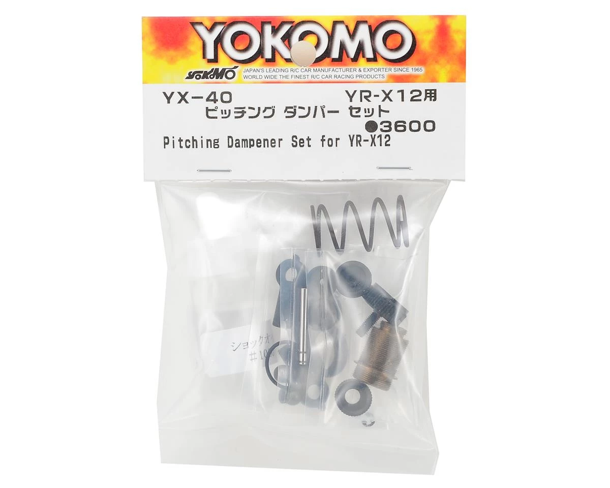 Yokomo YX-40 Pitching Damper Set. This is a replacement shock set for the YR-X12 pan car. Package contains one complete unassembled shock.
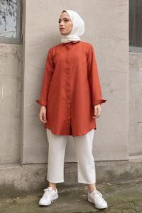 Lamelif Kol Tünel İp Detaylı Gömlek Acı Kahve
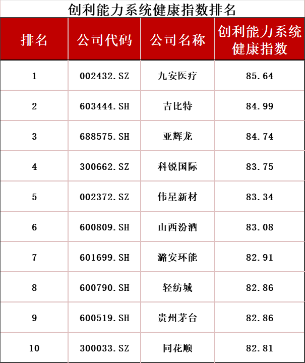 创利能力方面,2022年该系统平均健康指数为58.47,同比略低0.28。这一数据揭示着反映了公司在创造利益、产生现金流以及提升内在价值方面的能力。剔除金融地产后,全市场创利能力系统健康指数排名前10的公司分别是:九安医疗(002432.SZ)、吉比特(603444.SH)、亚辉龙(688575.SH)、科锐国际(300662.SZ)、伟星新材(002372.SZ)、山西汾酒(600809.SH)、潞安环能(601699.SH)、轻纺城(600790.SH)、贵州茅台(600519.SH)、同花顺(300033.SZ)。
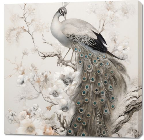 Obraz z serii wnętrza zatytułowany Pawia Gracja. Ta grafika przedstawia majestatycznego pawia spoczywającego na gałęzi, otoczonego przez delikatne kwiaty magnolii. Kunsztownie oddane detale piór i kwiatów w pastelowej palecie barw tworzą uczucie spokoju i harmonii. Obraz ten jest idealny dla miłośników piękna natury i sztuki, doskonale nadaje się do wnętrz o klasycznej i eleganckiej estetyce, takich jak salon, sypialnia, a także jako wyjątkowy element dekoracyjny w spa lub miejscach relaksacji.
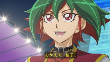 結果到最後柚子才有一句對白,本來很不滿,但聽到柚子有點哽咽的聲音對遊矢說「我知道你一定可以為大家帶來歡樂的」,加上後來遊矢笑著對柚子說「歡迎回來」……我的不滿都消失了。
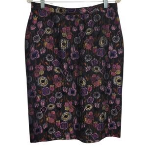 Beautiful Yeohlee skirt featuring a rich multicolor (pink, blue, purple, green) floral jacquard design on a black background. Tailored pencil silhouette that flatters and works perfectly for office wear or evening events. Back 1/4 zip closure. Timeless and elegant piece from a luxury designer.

==

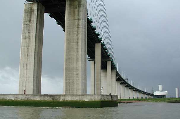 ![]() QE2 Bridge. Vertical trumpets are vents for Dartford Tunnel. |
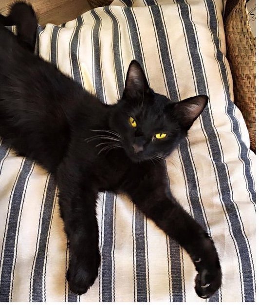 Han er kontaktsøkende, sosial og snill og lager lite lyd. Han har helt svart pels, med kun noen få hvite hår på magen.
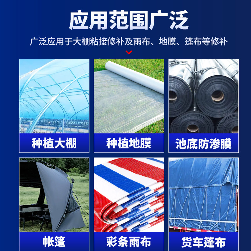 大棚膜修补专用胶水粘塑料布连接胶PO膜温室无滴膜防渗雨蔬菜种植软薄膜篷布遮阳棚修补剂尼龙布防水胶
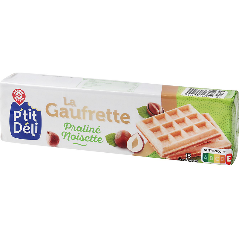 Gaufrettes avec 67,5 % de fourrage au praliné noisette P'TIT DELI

--

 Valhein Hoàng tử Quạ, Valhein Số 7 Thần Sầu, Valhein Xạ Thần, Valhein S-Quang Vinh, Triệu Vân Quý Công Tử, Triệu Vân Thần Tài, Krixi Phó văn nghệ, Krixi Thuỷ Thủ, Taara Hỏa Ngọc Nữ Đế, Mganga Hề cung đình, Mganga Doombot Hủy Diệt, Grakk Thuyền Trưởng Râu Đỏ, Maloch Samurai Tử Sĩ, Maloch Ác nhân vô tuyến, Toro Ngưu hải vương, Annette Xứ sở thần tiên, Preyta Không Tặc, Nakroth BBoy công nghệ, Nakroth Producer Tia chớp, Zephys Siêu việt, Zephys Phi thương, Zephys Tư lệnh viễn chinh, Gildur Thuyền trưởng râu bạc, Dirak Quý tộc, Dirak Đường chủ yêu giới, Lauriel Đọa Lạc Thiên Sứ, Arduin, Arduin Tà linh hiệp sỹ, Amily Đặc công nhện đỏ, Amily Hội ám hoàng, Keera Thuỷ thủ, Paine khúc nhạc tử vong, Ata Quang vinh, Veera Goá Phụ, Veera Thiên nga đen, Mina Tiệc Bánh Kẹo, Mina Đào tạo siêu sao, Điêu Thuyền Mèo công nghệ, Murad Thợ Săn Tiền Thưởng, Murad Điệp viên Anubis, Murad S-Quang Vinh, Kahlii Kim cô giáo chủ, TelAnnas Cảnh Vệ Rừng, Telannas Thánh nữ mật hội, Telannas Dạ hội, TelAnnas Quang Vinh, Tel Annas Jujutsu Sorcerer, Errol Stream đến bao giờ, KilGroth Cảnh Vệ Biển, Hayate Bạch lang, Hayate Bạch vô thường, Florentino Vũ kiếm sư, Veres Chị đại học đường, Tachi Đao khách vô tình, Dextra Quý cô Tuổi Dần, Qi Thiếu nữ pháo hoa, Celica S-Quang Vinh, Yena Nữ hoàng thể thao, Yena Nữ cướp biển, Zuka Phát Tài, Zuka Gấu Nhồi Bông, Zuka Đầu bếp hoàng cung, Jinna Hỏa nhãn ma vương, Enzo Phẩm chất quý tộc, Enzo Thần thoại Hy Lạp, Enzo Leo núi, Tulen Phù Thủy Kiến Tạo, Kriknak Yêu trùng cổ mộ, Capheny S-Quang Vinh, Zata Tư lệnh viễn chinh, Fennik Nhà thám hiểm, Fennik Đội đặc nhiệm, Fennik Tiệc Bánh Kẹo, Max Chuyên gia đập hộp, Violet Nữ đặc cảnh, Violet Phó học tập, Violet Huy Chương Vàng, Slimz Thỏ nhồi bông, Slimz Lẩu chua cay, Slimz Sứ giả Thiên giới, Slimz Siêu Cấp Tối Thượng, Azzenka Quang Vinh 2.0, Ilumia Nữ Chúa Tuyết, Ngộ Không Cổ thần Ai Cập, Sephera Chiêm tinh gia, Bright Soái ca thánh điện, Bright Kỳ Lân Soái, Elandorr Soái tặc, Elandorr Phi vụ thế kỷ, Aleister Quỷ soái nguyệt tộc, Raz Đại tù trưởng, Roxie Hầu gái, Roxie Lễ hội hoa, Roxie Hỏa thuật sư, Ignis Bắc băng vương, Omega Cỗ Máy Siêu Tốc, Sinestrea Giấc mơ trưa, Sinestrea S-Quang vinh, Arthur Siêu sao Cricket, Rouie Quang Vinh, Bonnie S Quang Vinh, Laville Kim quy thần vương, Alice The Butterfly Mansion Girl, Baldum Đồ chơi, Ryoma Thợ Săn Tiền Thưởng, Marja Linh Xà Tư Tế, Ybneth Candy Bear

§ PROBLEM DESCRIPTION: Beginning with the line that contains "Dartford Tunnel. |", write out the lines of the material above exactly, and end with the line that contains "Gaufrettes avec 67,5". Omit the pictures.

§ SOLUTION:
 ![]() QE2 Bridge. Vertical trumpets are vents for Dartford Tunnel. |
 Han er kontaktsøkende, sosial og snill og lager lite lyd. Han har helt svart pels, med kun noen få hvite hår på magen.
 大棚膜修补专用胶水粘塑料布连接胶PO膜温室无滴膜防渗雨蔬菜种植软薄膜篷布遮阳棚修补剂尼龙布防水胶
 Gaufrettes avec 67,5 % de fourrage au praliné noisette P'TIT DELI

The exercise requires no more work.